#### [Data items]

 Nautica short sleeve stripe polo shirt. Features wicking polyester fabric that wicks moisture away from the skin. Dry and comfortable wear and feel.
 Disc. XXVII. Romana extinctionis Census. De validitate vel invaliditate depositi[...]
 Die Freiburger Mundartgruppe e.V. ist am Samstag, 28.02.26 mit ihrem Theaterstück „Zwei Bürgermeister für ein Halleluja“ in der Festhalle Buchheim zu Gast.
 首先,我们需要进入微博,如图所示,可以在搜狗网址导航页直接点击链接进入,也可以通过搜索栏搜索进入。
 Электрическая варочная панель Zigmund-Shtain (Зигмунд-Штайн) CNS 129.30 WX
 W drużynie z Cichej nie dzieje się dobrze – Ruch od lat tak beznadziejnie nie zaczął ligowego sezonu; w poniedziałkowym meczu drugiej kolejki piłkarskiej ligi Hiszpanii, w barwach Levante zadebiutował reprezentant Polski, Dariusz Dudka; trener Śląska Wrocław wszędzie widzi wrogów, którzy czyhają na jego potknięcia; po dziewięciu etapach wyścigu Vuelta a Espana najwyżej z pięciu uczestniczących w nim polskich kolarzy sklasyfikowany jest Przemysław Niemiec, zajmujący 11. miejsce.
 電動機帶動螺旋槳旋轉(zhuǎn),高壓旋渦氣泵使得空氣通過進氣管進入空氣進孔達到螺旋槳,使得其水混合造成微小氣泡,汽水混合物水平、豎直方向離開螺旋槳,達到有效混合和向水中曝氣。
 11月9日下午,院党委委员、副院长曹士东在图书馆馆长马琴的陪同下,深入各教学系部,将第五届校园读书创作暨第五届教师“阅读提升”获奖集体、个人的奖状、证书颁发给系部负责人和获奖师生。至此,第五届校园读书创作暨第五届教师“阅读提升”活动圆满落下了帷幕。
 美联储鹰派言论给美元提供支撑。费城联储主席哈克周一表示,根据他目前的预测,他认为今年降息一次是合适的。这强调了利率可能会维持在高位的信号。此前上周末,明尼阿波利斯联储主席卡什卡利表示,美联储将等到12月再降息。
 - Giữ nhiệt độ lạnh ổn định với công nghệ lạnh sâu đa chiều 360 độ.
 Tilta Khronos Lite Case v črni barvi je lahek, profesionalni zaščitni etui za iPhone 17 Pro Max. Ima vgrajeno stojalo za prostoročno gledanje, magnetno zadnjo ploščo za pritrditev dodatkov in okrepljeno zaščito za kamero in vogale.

#### [The task]
Take the data above and return it exactly.

#### [Solution for this task]
 Nautica short sleeve stripe polo shirt. Features wicking polyester fabric that wicks moisture away from the skin. Dry and comfortable wear and feel.
 Disc. XXVII. Romana extinctionis Census. De validitate vel invaliditate depositi[...]
 Die Freiburger Mundartgruppe e.V. ist am Samstag, 28.02.26 mit ihrem Theaterstück „Zwei Bürgermeister für ein Halleluja“ in der Festhalle Buchheim zu Gast.
 首先,我们需要进入微博,如图所示,可以在搜狗网址导航页直接点击链接进入,也可以通过搜索栏搜索进入。
 Электрическая варочная панель Zigmund-Shtain (Зигмунд-Штайн) CNS 129.30 WX
 W drużynie z Cichej nie dzieje się dobrze – Ruch od lat tak beznadziejnie nie zaczął ligowego sezonu; w poniedziałkowym meczu drugiej kolejki piłkarskiej ligi Hiszpanii, w barwach Levante zadebiutował reprezentant Polski, Dariusz Dudka; trener Śląska Wrocław wszędzie widzi wrogów, którzy czyhają na jego potknięcia; po dziewięciu etapach wyścigu Vuelta a Espana najwyżej z pięciu uczestniczących w nim polskich kolarzy sklasyfikowany jest Przemysław Niemiec, zajmujący 11. miejsce.
 電動機帶動螺旋槳旋轉(zhuǎn),高壓旋渦氣泵使得空氣通過進氣管進入空氣進孔達到螺旋槳,使得其水混合造成微小氣泡,汽水混合物水平、豎直方向離開螺旋槳,達到有效混合和向水中曝氣。
 11月9日下午,院党委委员、副院长曹士东在图书馆馆长马琴的陪同下,深入各教学系部,将第五届校园读书创作暨第五届教师“阅读提升”获奖集体、个人的奖状、证书颁发给系部负责人和获奖师生。至此,第五届校园读书创作暨第五届教师“阅读提升”活动圆满落下了帷幕。
 美联储鹰派言论给美元提供支撑。费城联储主席哈克周一表示,根据他目前的预测,他认为今年降息一次是合适的。这强调了利率可能会维持在高位的信号。此前上周末,明尼阿波利斯联储主席卡什卡利表示,美联储将等到12月再降息。
 - Giữ nhiệt độ lạnh ổn định với công nghệ lạnh sâu đa chiều 360 độ.
 Tilta Khronos Lite Case v črni barvi je lahek, profesionalni zaščitni etui za iPhone 17 Pro Max. Ima vgrajeno stojalo za prostoročno gledanje, magnetno zadnjo ploščo za pritrditev dodatkov in okrepljeno zaščito za kamero in vogale.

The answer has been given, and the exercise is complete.